RECORD EXTRACTS
____
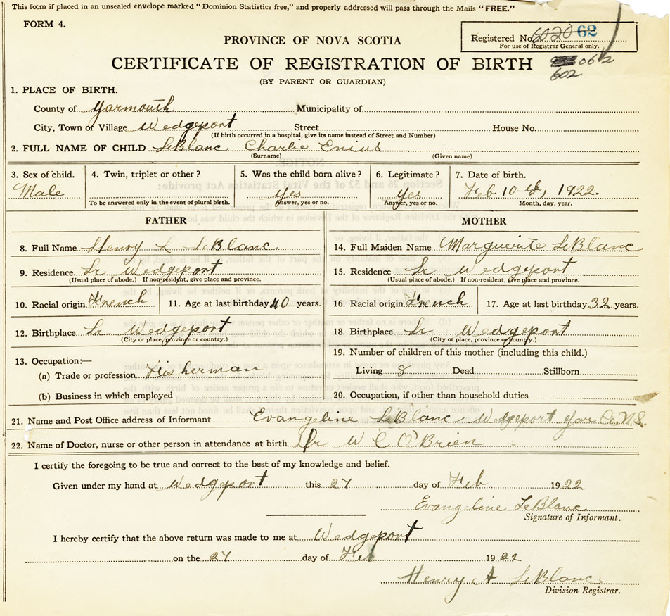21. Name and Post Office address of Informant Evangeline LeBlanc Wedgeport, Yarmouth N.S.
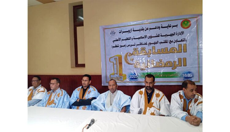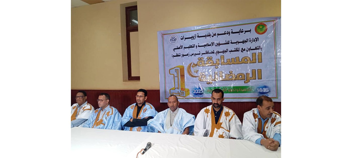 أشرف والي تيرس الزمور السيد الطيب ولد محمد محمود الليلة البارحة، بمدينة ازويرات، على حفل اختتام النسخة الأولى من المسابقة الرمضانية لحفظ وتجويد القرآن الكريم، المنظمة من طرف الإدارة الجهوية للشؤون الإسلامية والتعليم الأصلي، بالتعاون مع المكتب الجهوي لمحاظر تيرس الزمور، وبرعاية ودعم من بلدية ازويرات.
____
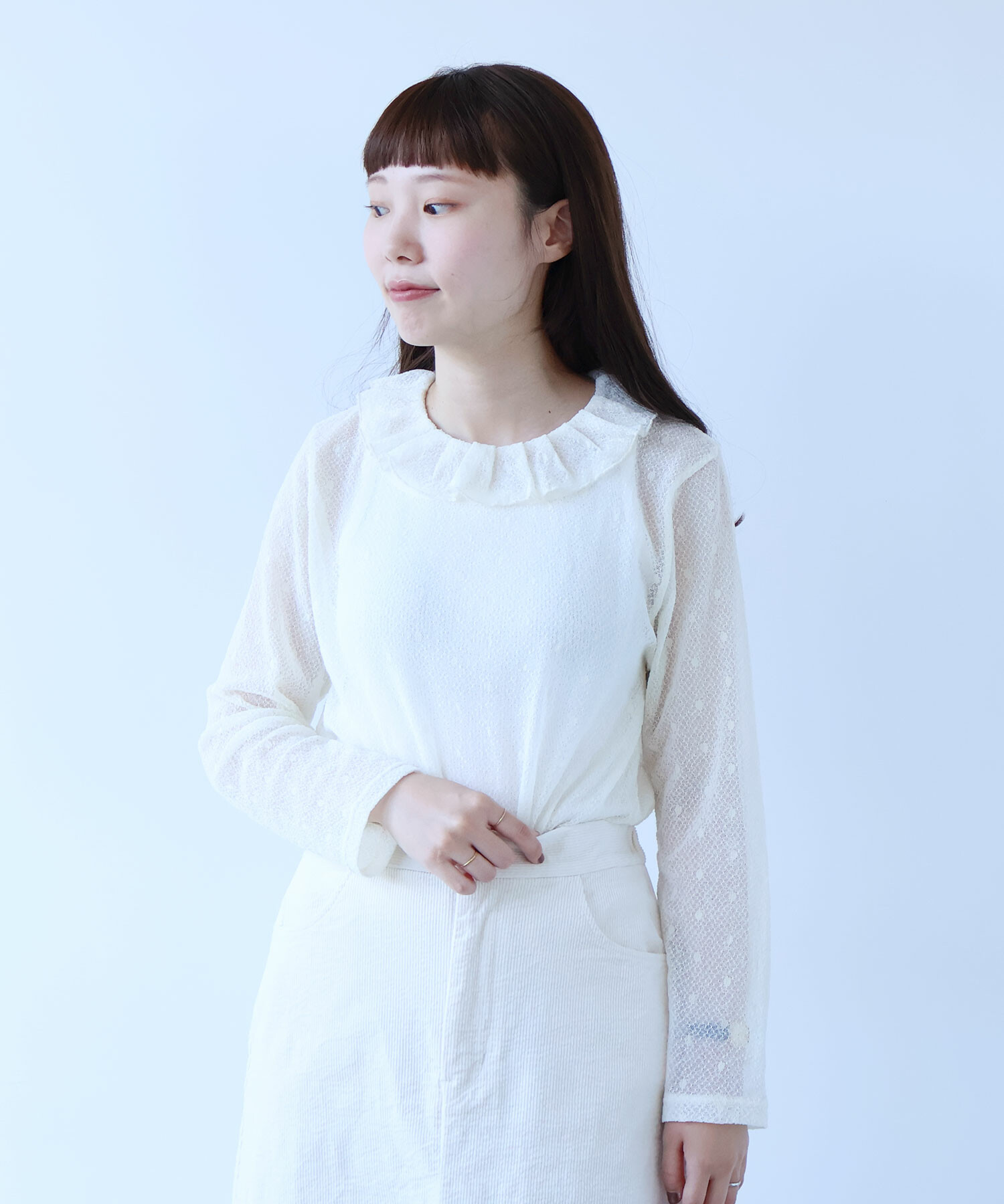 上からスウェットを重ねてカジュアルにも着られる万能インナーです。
____
WORK ITEM
What belongs in the answer is each line above from the line with "21. Name and" to the line with "أشرف والي تيرس", inclusive, reproduced exactly and free of pictures.

TASK RESULT
21. Name and Post Office address of Informant Evangeline LeBlanc Wedgeport, Yarmouth N.S.
 أشرف والي تيرس الزمور السيد الطيب ولد محمد محمود الليلة البارحة، بمدينة ازويرات، على حفل اختتام النسخة الأولى من المسابقة الرمضانية لحفظ وتجويد القرآن الكريم، المنظمة من طرف الإدارة الجهوية للشؤون الإسلامية والتعليم الأصلي، بالتعاون مع المكتب الجهوي لمحاظر تيرس الزمور، وبرعاية ودعم من بلدية ازويرات.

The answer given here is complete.